Belgique/Luxembourg

Le fisc belge prêt à accorder 69 jours aux frontaliers

09 Octobre 2018 Par Jean-Michel Lalieu
Frontaliers belges, Gare de Luxembourg
La mesure est en cours d'examen auprès du ministère des Finances luxembourgeois. (Photo: Étienne Delorme / archives)

Information Paperjam. L’État belge devrait desserrer l’étau fiscal qui pèse sur le quotidien des travailleurs frontaliers belges dès 2019. Pour accentuer le travail à domicile et hors des frontières luxembourgeoises, il devrait faire passer le seuil de tolérance de 24 à 69 jours.

Le fisc belge se prépare à lâcher du lest par rapport aux 40.000 travailleurs frontaliers belges qui se rendent quotidiennement au Luxembourg. Selon les informations de Paperjam, à partir de 2019, il y a en effet de fortes chances que le seuil de tolérance par rapport aux jours prestés sans preuve de présence physique sur le territoire luxembourgeois passera de 24 à 69 jours ouvrables. Trois fois plus!

La mesure est à mettre à l’initiative du gouvernement régional wallon. Elle a été portée vers le gouvernement fédéral par le président du gouvernement wallon, Willy Borsus.

Contacté par Paperjam, le cabinet du ministre-président wallon confirme que l’élargissement à 69 jours par an de prestations ponctuelles hors du Grand-Duché a été accepté par le ministre fédéral des Finances, Johan Van Overtveldt.

Des discussions ont donc été entamées avec le ministère des Finances luxembourgeois, ce qui est également confirmé au cabinet de Pierre Gramegna, mais sans plus de précisions.

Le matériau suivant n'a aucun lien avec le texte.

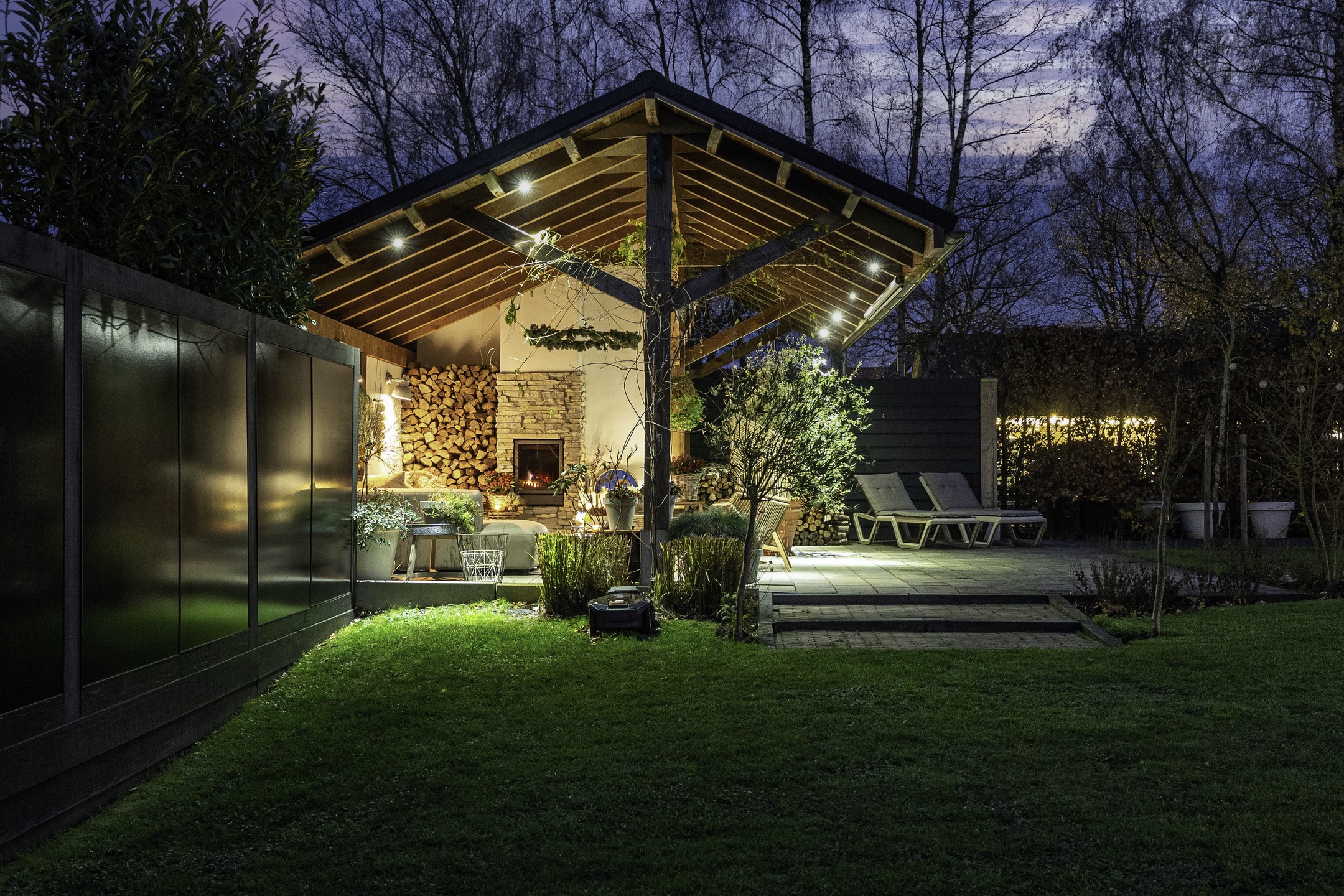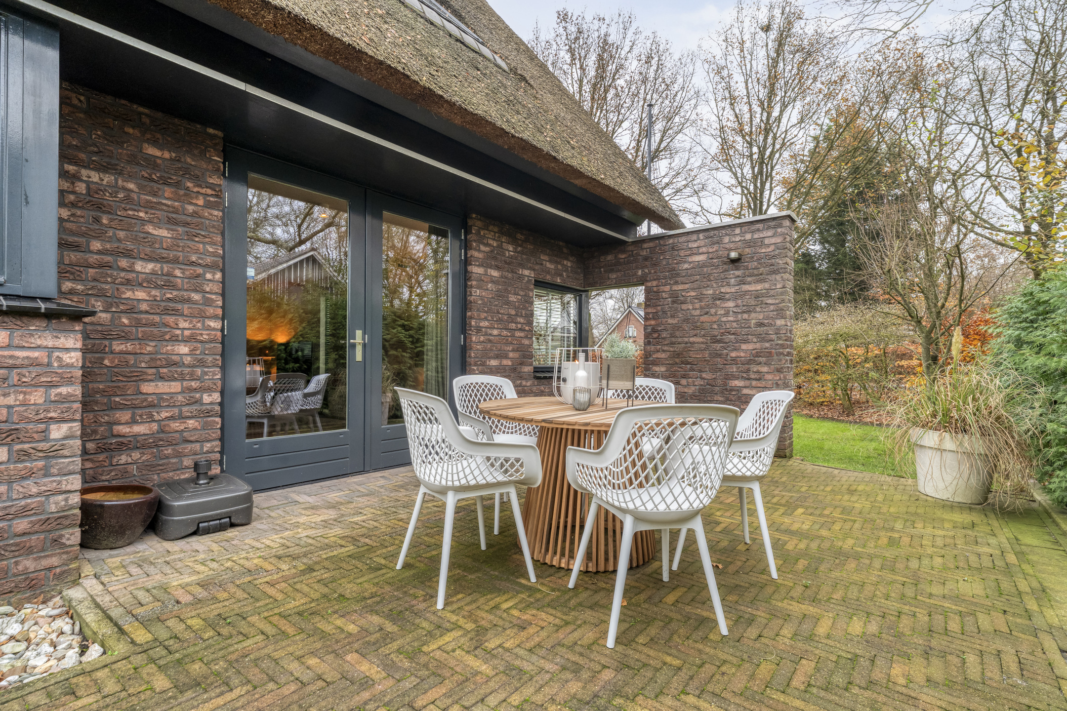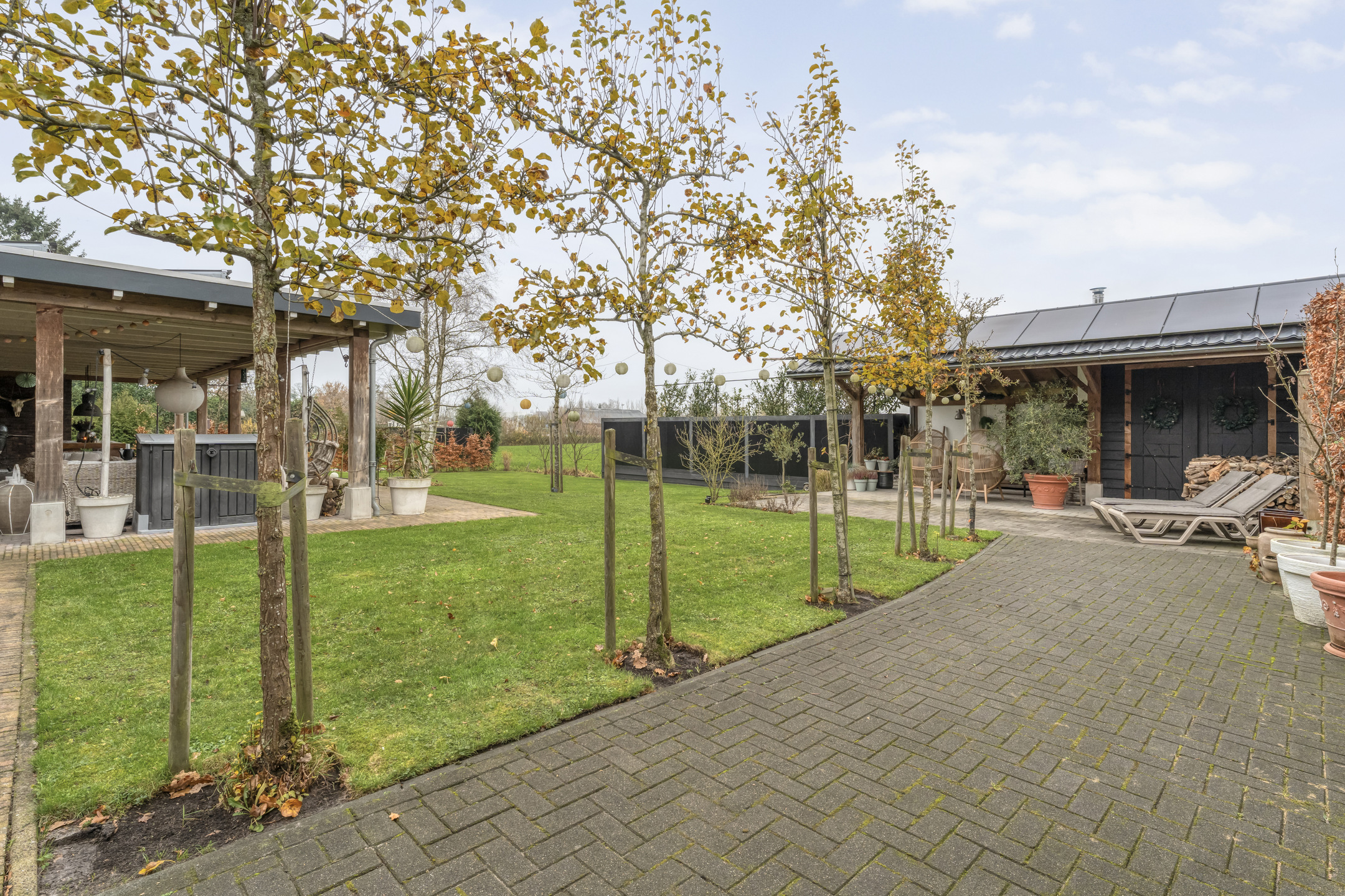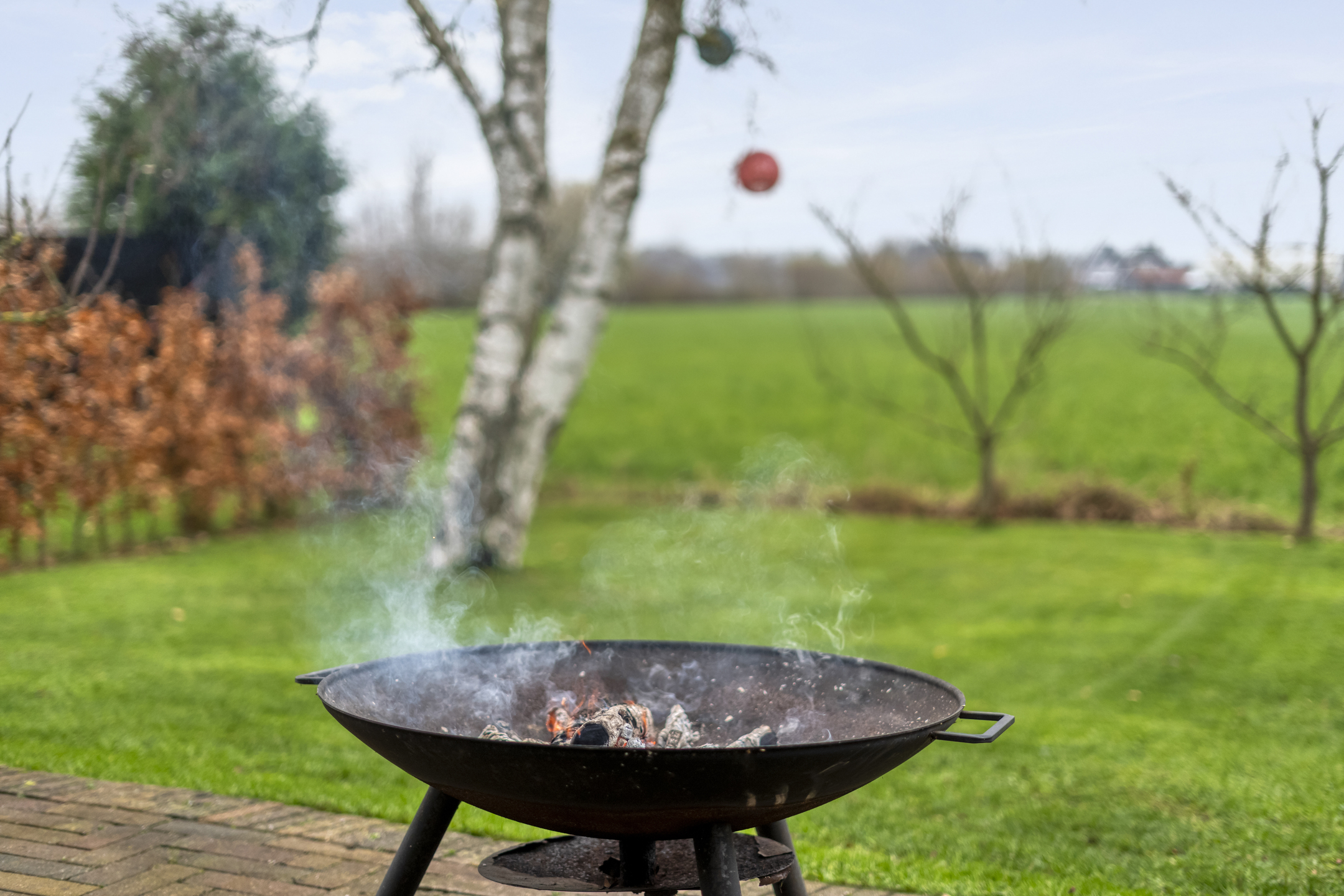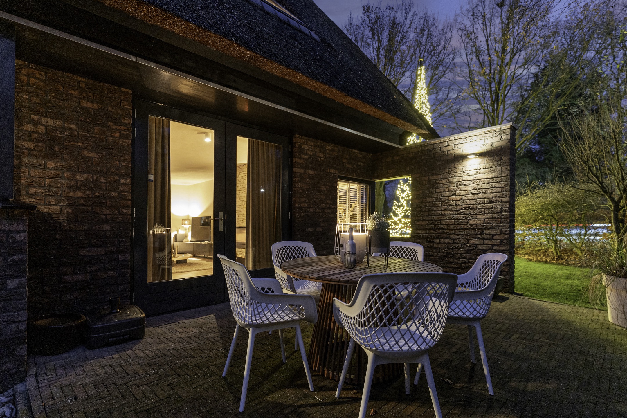 De tuin is werkelijk een buitenkans: volop privacy, prachtig aangelegd én met vrij uitzicht over de weilanden. Direct aan de woning bevindt zich een imposante overkapping van maar liefst 15 meter breed. Achter in de tuin staat nóg een sfeervolle overkapping met haard en extra schuur. Een heerlijke plek voor lange zomeravonden of gezellige wintermomenten.

Mais dans la mesure où la proposition émane des autorités belges, on ne voit pas ce qui pourrait empêcher sa concrétisation.

Désengorger le trafic

Pour le gouvernement grand-ducal, c’est en effet l’assurance de recettes fiscales pour des jours non prestés dans le pays et, surtout, une opportunité de désengorger le trafic en favorisant le télétravail des employés frontaliers belges. Dès 2019, ils devraient en effet bénéficier de plus d’un jour par semaine de travail à domicile.

Rappelons que la règle de base, pour éviter des abus de délocalisation de société, est qu’un employé frontalier doit pouvoir prouver au fisc belge qu’il est bien présent sur le territoire luxembourgeois pour prester ses heures. Si ce n’était pas le cas, il serait soumis au régime fiscal belge. En avril 2015, un accord entre Xavier Bettel et son homologue belge, Charles Michel, a donné un premier seuil de tolérance de 24 jours.

En Allemagne, le seuil accepté est de 19 jours et en France il est récemment passé à 29 jours.